According to research firm IDC, the big-data and business analytics market would grow globally from US$150 billion in 2017 to over US$210 billion by 2020.
Singapore has tried to make the best use of customer data, in an anonymous manner. Its three telephone companies – Singtel, Starhub and M1 – provide data analytics to businesses as well as government agencies.
One of these is commuting patterns which enable selecting new locations for retail outlets, differentiating rental rates and tenant mix for mall operators based on anonymously mapping crowd movements in shopping malls, identifying the peak and off-peak period of the day and which entrances or exits visitors mostly use.
Meanwhile, healthcare service providers in Singapore are using millions of anonymous medical transactions at public hospitals to flag any concentration of cases of a particular chronic condition such as diabetes in terms of geographical areas.
At the same time, the public housing agency has improved its service after analyzing over 90,000 emails and found out customer concerns on certain issues.
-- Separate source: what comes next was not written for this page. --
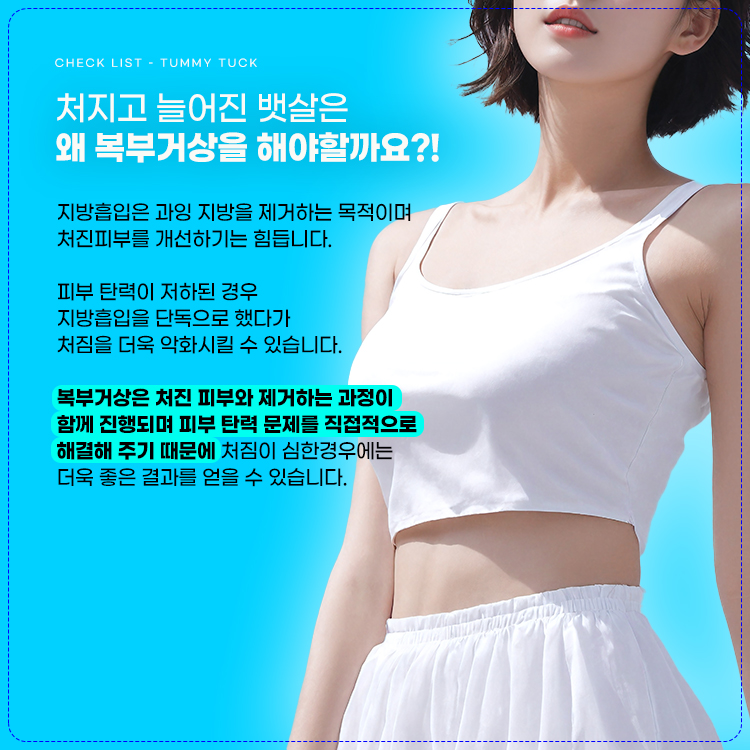 이처럼 복부 지방과 늘어진 피부가 결합되면 자연적인 방법으로 팽팽하고 탄력 있는 복부를 되찾기 어려워지며, 이로 인해 많은 여성들이 피부와 지방 문제를 모두 해결하기 위한 수술적 방법을 찾게 됩니다.

Elsewhere, Dubai in the United Arab Emirates has also collected anonymous cellular data of commuters to help transportation officials to analyze traffic flow during peak hours, in order to formulate measures to reduce traffic congestion.
Open data legislation
In Japan, a renewed privacy law, effective from mid-2017, enables organizations to process or transfer customer information after data is “anonymized, pseudonymized”. Meanwhile, the US allows the use and sharing of “aggregate” customer data with individual identities and characteristics removed.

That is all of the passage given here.